I've heard that this "locomotive" (cab-baggage F40 #90225) will be used for a series of live telecasts from the Empire Builder for Good Morning America. The domes are the satellite links for the live broadcasts. It was recently modified at Beech Grove. 
http://www.trainorders.com/discussion/read.php?4,1745594


----------



## TonyWalsham (Jan 2, 2008)

But does it have enough vertical clearance???


----------



## Dave F (Jan 2, 2008)

Wait, is that the George W. Bush "New-clur" locomotive?


----------



## Semper Vaporo (Jan 2, 2008)

Posted By TonyWalsham on 09/06/2008 6:29 PM
But does it have enough vertical clearance???




It will just after the first overhead bridge! /DesktopModules/NTForums/themes/mls/emoticons/hehe.gif


----------



## Bryan Smith (Jan 2, 2008)

I know Dave.. hehehe. Isn't that locomotive is Transformer Autobot group his name AstroTrainDemon?


----------



## Mike O (Jan 2, 2008)

Porta-potties?


----------



## Dave F (Jan 2, 2008)

Hmmmmm. Good point Bryan... 

Autobot or Deceptacon ???


----------



## Curmudgeon (Jan 11, 2008)

Those domes have contra-rotating antennas, allowing the unit to traverse sticks without derailing. 

They also connect the drawbars through the fuel tank areas to the opposite truck, for superior tracking.


----------



## Bryan Smith (Jan 2, 2008)

Dave, I know AstroTrain is Deceptacon. the is 2 thing about Deceptacon-AstroTrain tranformer. he can do switch into robot Steam locomotive and he can switch into space shuttle. what you think? he bad guy? i wish be be good guy into Autobot group with 2 special weapon from contra-rotating antennas on the roof which can be used as auto-cannons. Maybe if someone came up with that, THEN I would work up te 1:29 scale model. Hehehe


----------



## San Juan (Jan 3, 2008)

Astrotrain. There's a toy I haven't thought of for a long time. I still have my Transformers Astrotrain. 

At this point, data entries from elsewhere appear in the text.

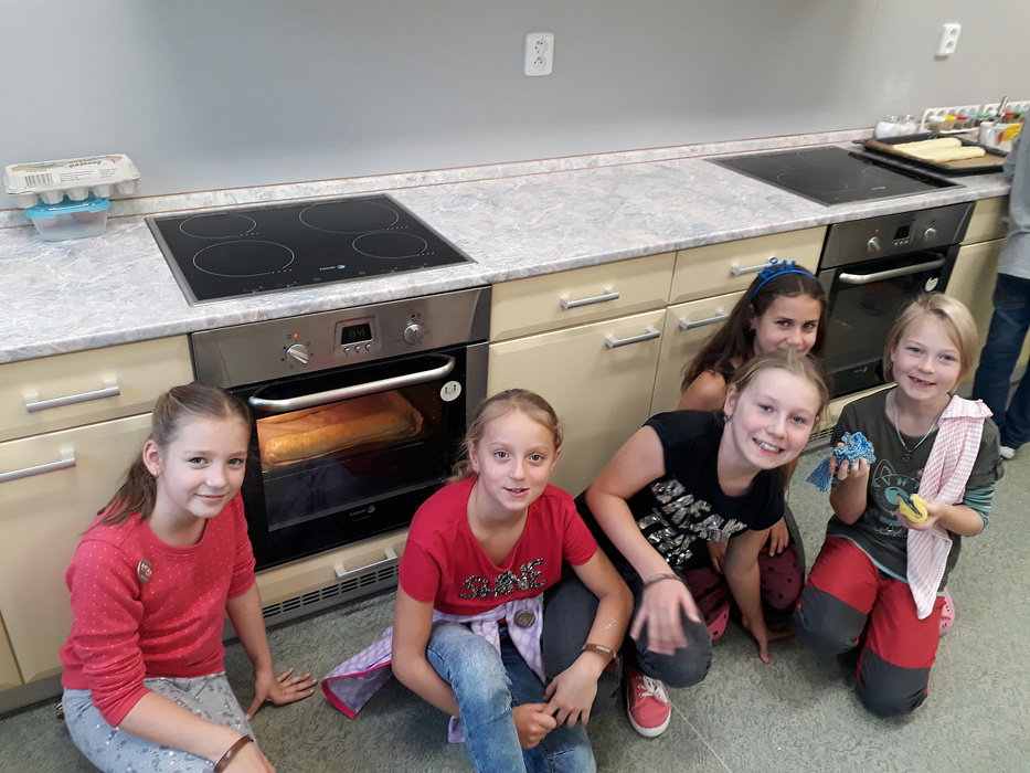 Ve středu 9.10. se žáci 3. ročníku v rámci projektu 72 hodin pustili do pečení závinů v nově rekonstruované cvičné kuchyňce. Čtyři skupiny celkem napekly 10 závinů. Děti překvapily nejen svou šikovností a zručností, ale také vytříbenými chuťovými pohárky, díky kterým se ve výsledku mohly pochlubit rozmanitým výběrem druhů, a kromě jablkových závinů tak nechyběly ani makové, tvarohové či ořechové.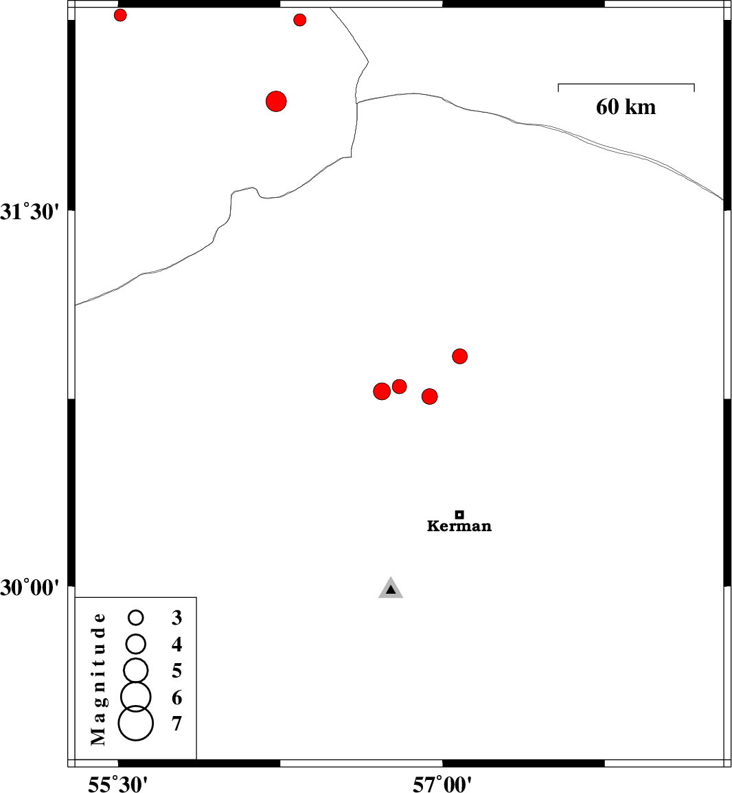 | 2008/12/20 | 06:13:06.3 | 09:43:06.3 | 30.92 | 57.08 | 15 | ML:3.1 | 45 km South-East of Ravar, Kerman Province | ||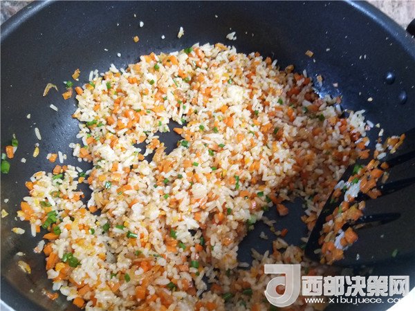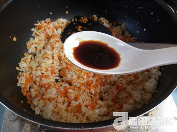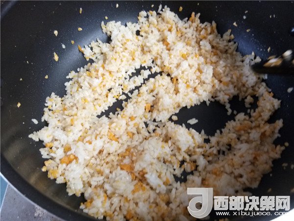 8.倒入米飯翻炒均勻。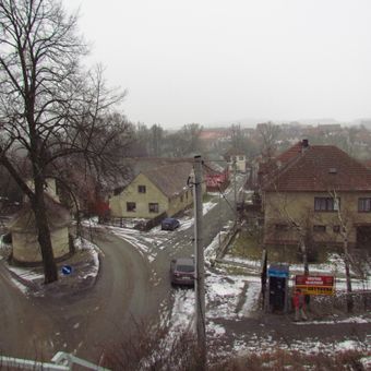 Kříž v křižovatce na návsi v Třebíčském Číchově

For anyone that has no clue what Bryan and I are talking about, here's a link to photos of the Transformers Astrotrain (and yes he is an evil Decepticon): 

Astrotrain 


As for the real reason (Curmudgeon is right), below is a link with more info on the Good Morning America train: 

Good Morning Amtrak


----------



## Dave F (Jan 2, 2008)

They were talking about the trip on GMA this morning. Looks like they'll strat on Monday the 15th. Sam champion gave a nice tour of what I think was an old Pensy club car or coach (one with the back porch). Very nicely restored. 

It'll be fun to watch.. I watch GMA anyway..


----------